Six years of daily measurement, augmented in the past three years by the Huawei Health App (according to which, I'm 'better' than 99.99% of users). "Beat yesterday" is Garmin's slogan. "Beat last year" is mine. Long-term rather than short-term metrics count.
So how did I do this year? Pretty good! What's the secret? The key is to never miss a day's 10,000 - with that as a basis, everything else builds up as a bonus. Compared to previous years, this year saw no great walkathons; several 20,000+ days, but nothing spectacular. Not in the table below - was 'moderate to high intensity' walking, of which every day this year I did an average of 24 minutes, according to Huawei Health. This metric was introduced to the app in November 2018. It's made me walk just that little bit faster.
| Measurable and manageable | ||||||
|---|---|---|---|---|---|---|
| 2014 | 2015 | 2016 | 2017 | 2018 | 2019 | |
| Paces/day (average over year) | 9.8k | 10.7k | 10.6k | 11.0k | 11.4k | 12.0k |
| Alcohol drunk (units/week) | 33.4 | 28.0 | 25.0 | 20.8 | 19.7 | 18.5 |
| Dry days over course of year | 94 | 123 | 155 | 186 | 196 | 198 |
| Days with zero physical training | 234 | 266 | 148 | 83 | 27 | 17 |
| Push-ups/day | N/A | N/A | N/A | 25 | 60 | 90 |
| Sets of weights exercises/day | N/A | N/A | N/A | 2.1 | 2.2 | 2.3 |
| Portions fresh fruit'n'veg/day | N/A | 4.3 | 5.0 | 5.2 | 5.3 | 5.4 |
Bit of product placement here - pretty much every one of those 4.3 million paces I walked outdoors this year was in a pair of Loake shoes. No trainers, no wellies, no hiking boots - just four pairs of Loakes. Two pairs black, for office use, two pairs of ankle boots, for country walking.
Less alcohol consumed - still way off the NHS guidelines of 14 units a week, but a huge reduction from my late 50s, when in my first year of monitoring consumption, I averaged over 33 units a week. Key here is not to drink 'empty' units, purposeless drinking from boredom, keep the units for celebrations, for meet-ups, for dinners with friends, for sparkling chat.
More exercising. Planks - this year I managed less than a day's worth (22 hours), so more to do here. Press-ups are improving, as are weights - pull-ups are not so good. Left elbow gets sore if I overdo it on the exercise bar, so I did fewer (five a day averaged across the year) than in 2018 (seven a day). Overall - less 'lazy days' in which I couldn't find the motivation to exercise.
More fresh fruit and vegetables - just a small improvement, but moving in the right direction.

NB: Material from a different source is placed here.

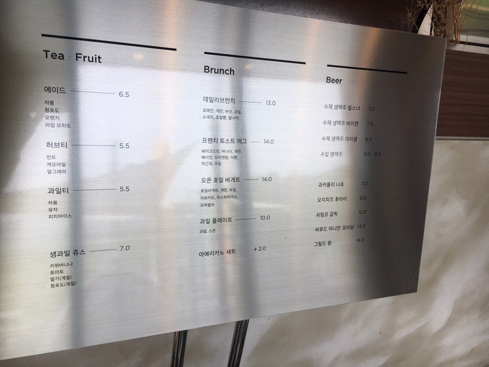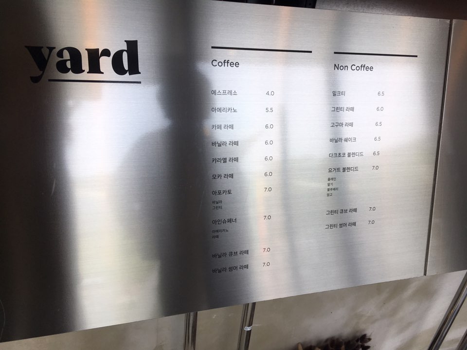 카페 야드의 메뉴입니다. 커피/논 커피 메뉴로 나뉘어있고 티, 생과일, 브런치, 맥주까지 준비되어있더라고요.

And blogging - second-highest output in terms of blog posts in since 2014, the year Twitter and Facebook caught up with and distracted me.
You may ask - what is the aim? I will answer: Pascal's Wager. In this case, I'm not betting on the existence of God (or otherwise), I'm betting that a healthy lifestyle will prolong years of active life. If I live to 100 in good form, you'll know why. My father set me a good goal - 96 and half years, 94 of which were 'active' (as in walking unaided, driving a car, mental acuity on form). If I sit back and do nothing, I will atrophy, my body will start winding down.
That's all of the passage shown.